Старые птицы, такие как Орловиу, удивительно легко руководить клювом, потому что сочетание приличия и сентиментальности точно равно быть дураком.
Если бы он молчал, я тоже мог бы молчать. Действительно, я вполне мог бы сделать с небольшим отдыхом в этом приглушенном, испуганном кресле-качалке, прежде чем я поехал туда, куда бы ни было логовой Полем
Человек, который решил самоуничтожение, далека от мирских дел, и сесть и написать его волю, в тот момент, столь же абсурдным, как и завораживающие, так как вместе с человеком, целый Мир уничтожен; Последняя буква мгновенно сводится к пыли и вместе с ней все почтальи; И как дым, исчезает поместье, завещанное несуществующим потомство.

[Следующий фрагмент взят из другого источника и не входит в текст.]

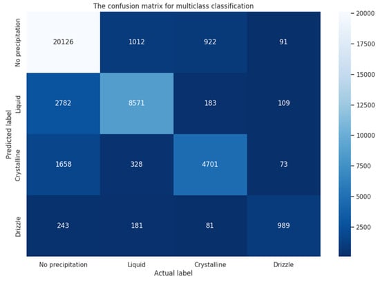 A sufficient level of quality of the proposed model is observed after 1000 years of training. After training on the test set, the results presented in Figure 5 were obtained. The results are presented in the form of an error matrix, which shows that the model works quite accurately. The level of overall accuracy was 81.78%, macro-average recall was 81.07% and macro-average precision was 75.05%. For multi-class classification, macro-average recall and macro-average precision are calculated as: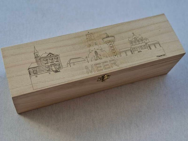 Het betreft hier 1 wijnkist die geraveerd word met een skyline naar keuze.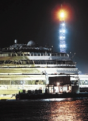 图为意大利吉利奥港口看到的扶正后的触礁游轮(9月17日摄)。经过19小时的打捞作业,去年1月在意大利吉利奥岛附近触礁搁浅倾覆的游轮“科斯塔·康科迪亚”号终于再现全貌。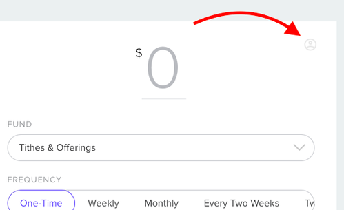 *If you are a returning user and need to verify your bank account, click the small gray person icon at the top right hand corner of the give tab as shown below.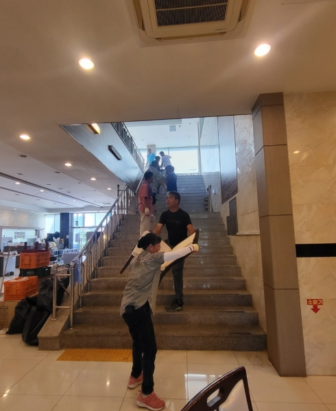 해당 장례식장은 지난 7월 집중호우로 당시 침수 피해를 크게 입은 곳으로 우성면체육회 회원들은 집기류와 가구류 등을 재정비하며 구슬땀을 흘렸다.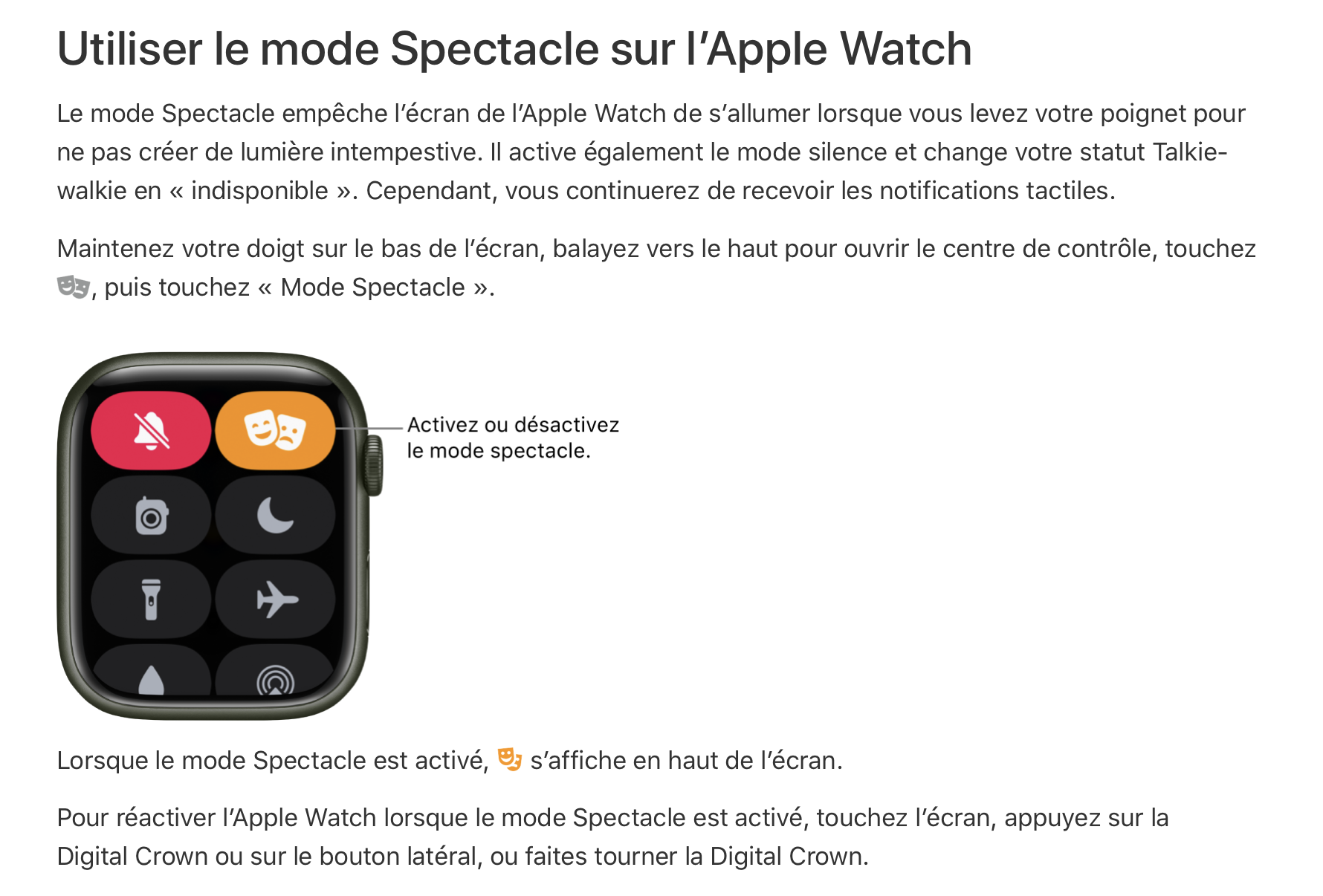 Je viens de faire un test de mon côté et je pense avoir trouvé la raison. Est-ce que tu as le mode Spectacle d'activé sur ton Apple Watch ?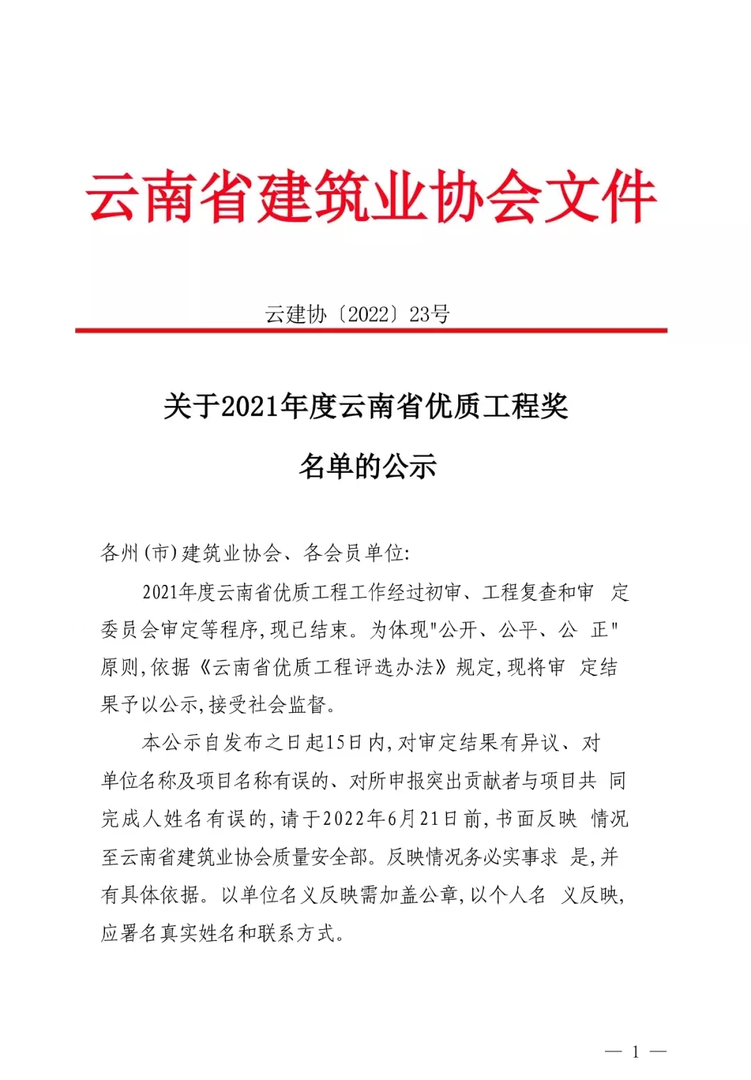通知中心近日,云南省建筑业协会公布了“2021年度云南省优质工程奖”名单, “best365中国官方网站排危与新建项目”荣获二等奖。
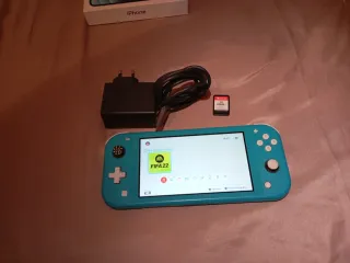Console portatile Nintendo Switch Lite in colore blu/verde. Include custodia protettiva, caricabatterie e due carte di gioco. Funziona bene e senza problemi. Prezzo non negoziabile. - Custodia di trasporto rigida. - Adattatore di corrente. - Due carte di gioco, FIFA 19 e 20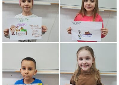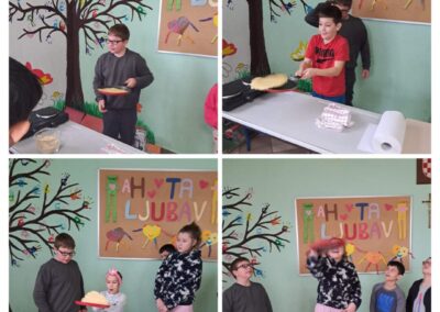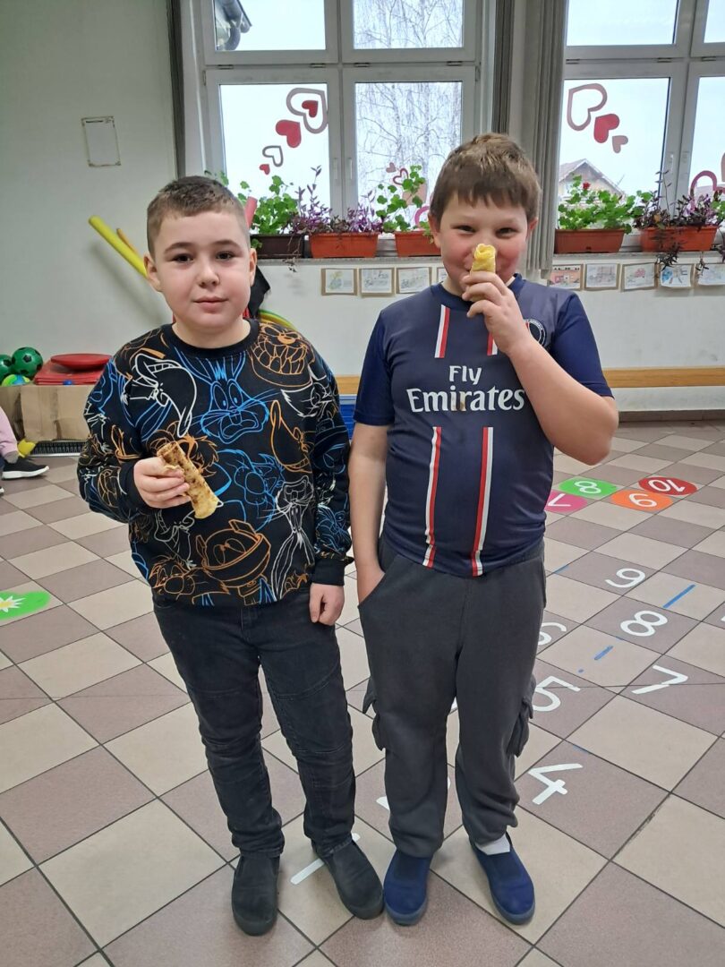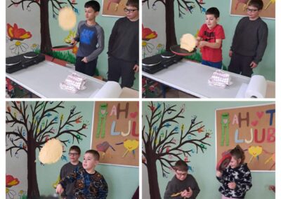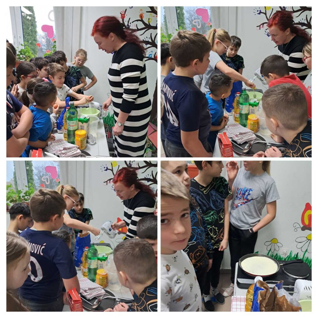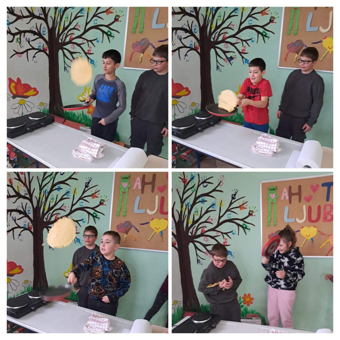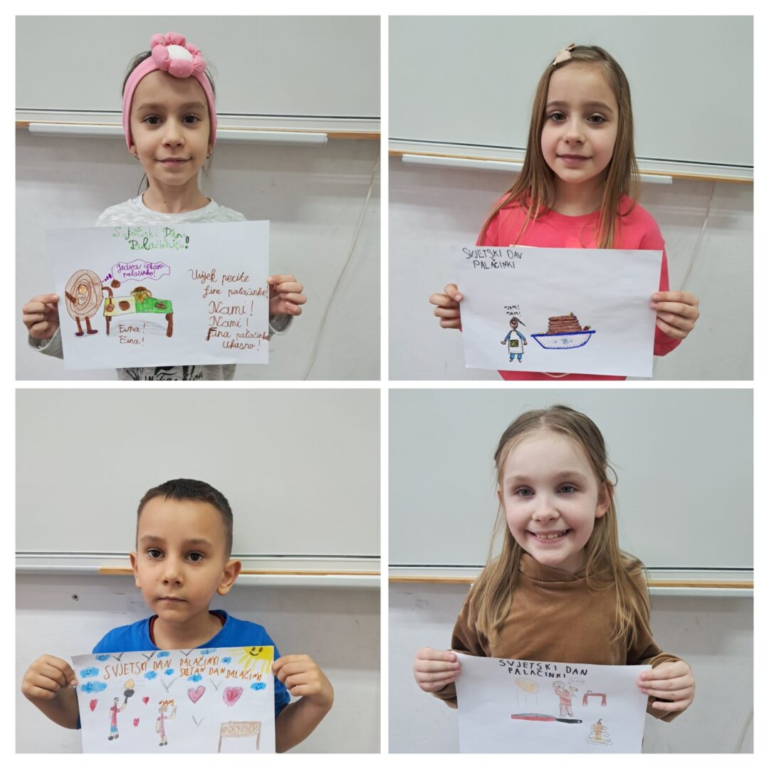 Učenici PŠ Kozice obilježili su Svjetski dan palačinki u petak, 20. 2. 2026. Prvo su poslušali pjesmicu o palačinkama, naučili kako i zašto se obilježava Svjetski dan palačinki, pogledali crtani film o palačinkama, umutili svoje palačinke, bacali ih u zrak, zasladili se palačinkama te izradili plakat o Svjetskom danu palačinka. Posebno iznenađenje bila je torta od palačinki koju je ispela Koranina i Gabrijelina mama. Hvala!

Я с удовольствием свидетелем высшего достижения памяти, которая является мастерским использованием, которую она делает из врожденных гармоний при сборе, чтобы свести подвешенные и блуждающие тональности прошлого.
Я не читаю отзывы о себе с каким -либо особым стремлением или вниманием, если они не являются шедеврами остроумия и проницательности, и я никогда не перечитываю их.
Я думаю, что мой любимый факт о себе заключается в том, что меня никогда не встревожили трюм или желчь критика, и никогда раз ни разу не спрашивал и не просил рецензента за обзор.
Человек, надеющийся стать поэтом, должен иметь возможность думать о нескольких вещах за раз.